Original Article

Isolation and Partial Characterisation of Lectin from Turbo sp.

R Anantha Rajan, S Suganthi, A Sabitha, G Prakash Vincent

Keywords

carbohydrate, haemagglutination, lectin, turbo

Citation

R Anantha Rajan, S Suganthi, A Sabitha, G Prakash Vincent. Isolation and Partial Characterisation of Lectin from Turbo sp.. The Internet Journal of Genomics and Proteomics. 2006 Volume 3 Number 1.

Abstract

A calcium dependent lectin was purified from Turbo sp. using DEAE column chromatography. Minimal Ca2+ concentration required for the haemagglutination activity was 0.25M. Muscle extract of Turbo sp. showed maximum heamagglutination activity with chicken erythrocytes with titre value of 24. It showed heamagglutination activity with titre value of 3 for A and B and 6 for O human erythrocytes. The haemagglutination activity for the DEAE column purified lectin was observed between pH of 6 and 9 and not at lower pH and was high between 30°C and 40°C. The molecular weight of Turbo sp. lectin was about 46kDa.

 

Introduction

The recognition of carbohydrate moieties in macromolecules by lectins has important applications in cell to cell interactions, signal transduction, cell growth and differentiation (Lis, & Sharon, 1991). Mollusc has variates of lectin with different biotechnological applications. Fenelson et al. (1987) studied the formalin fixed, paraffin embedded tissue from 100 consecutive cases of breast carcinoma binding with Helix pomatia and Ulex europeus lectin. Aplysia gonad lectin isolated from the mollusc Aplysia depilans was successfully conjugated to colloidal gold and used for ultrastructural detection of galacturonic acids in some pathogenic fungi (Benhamou et al., 1989). Helix pomatia lectin binding is a useful prognostic indicator in colorectal carcinoma (Schumacher et al., 1994).
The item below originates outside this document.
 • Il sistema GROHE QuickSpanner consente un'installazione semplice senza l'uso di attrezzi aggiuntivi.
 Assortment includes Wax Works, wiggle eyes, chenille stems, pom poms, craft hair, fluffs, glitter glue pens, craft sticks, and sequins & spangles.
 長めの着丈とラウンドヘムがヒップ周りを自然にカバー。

Considering the easy availability of Turbo sp. along the Kanyakumari (8.08° N 77.57° E) coast lectin was extracted, purified and partially characterised.

Materials & Methods

Turbo sp. collected off Arokyapuram, Kanyakumari was brought alive to the laboratory and immediately preserved at -20°C. Extract was prepared by grinding 1g muscle sample in 1ml Tris base saline (TBS) (50mM Tris-Hcl, pH 7.5, 150mM NaCl, 5mM CaCl2 ) and centrifuging at 6000 rpm for 15 minutes at 4°C. Haemagglutination assay was carried out as described by Ravindranath et al., (1985). A sample of 25µl was diluted up to 1:32 by two fold dilution method with TBS. To each well, 25µl of 1.5% erythrocyte was added, mixed and kept at 30.0 ° C for one hour. After incubation period the wells were examined microscopically. For the heamagglutination inhibition, lactose, galactose, glucose, mannitol, sucrose, fructose, maltose, mannose, melibiose and N-acetyl neuraminic acid were diluted in sample up to 1: 32 dilution. After 1h, 25µl of erythrocytes was added and incubated for 1h at 30.0 ° C.
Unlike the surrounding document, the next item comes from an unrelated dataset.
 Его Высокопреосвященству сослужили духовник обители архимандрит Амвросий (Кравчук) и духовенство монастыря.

500µl of the Turbo sp. extract was applied to the DEAE cellulose column. Protein was eluted by stepwise gradient buffer elution using different concentration from 0.1M to 1M. The flow rate was set at 250µl per minute and was collected in eppendorff tubes. The eluted fractions were estimated for protein by UV spectrometer at 280nm. Agglutination activity was carried out for each column fraction. Apparent molecular weights and purification of protein subunits were determined by using SDS/PAGE following the methods of Laemmli, (1970).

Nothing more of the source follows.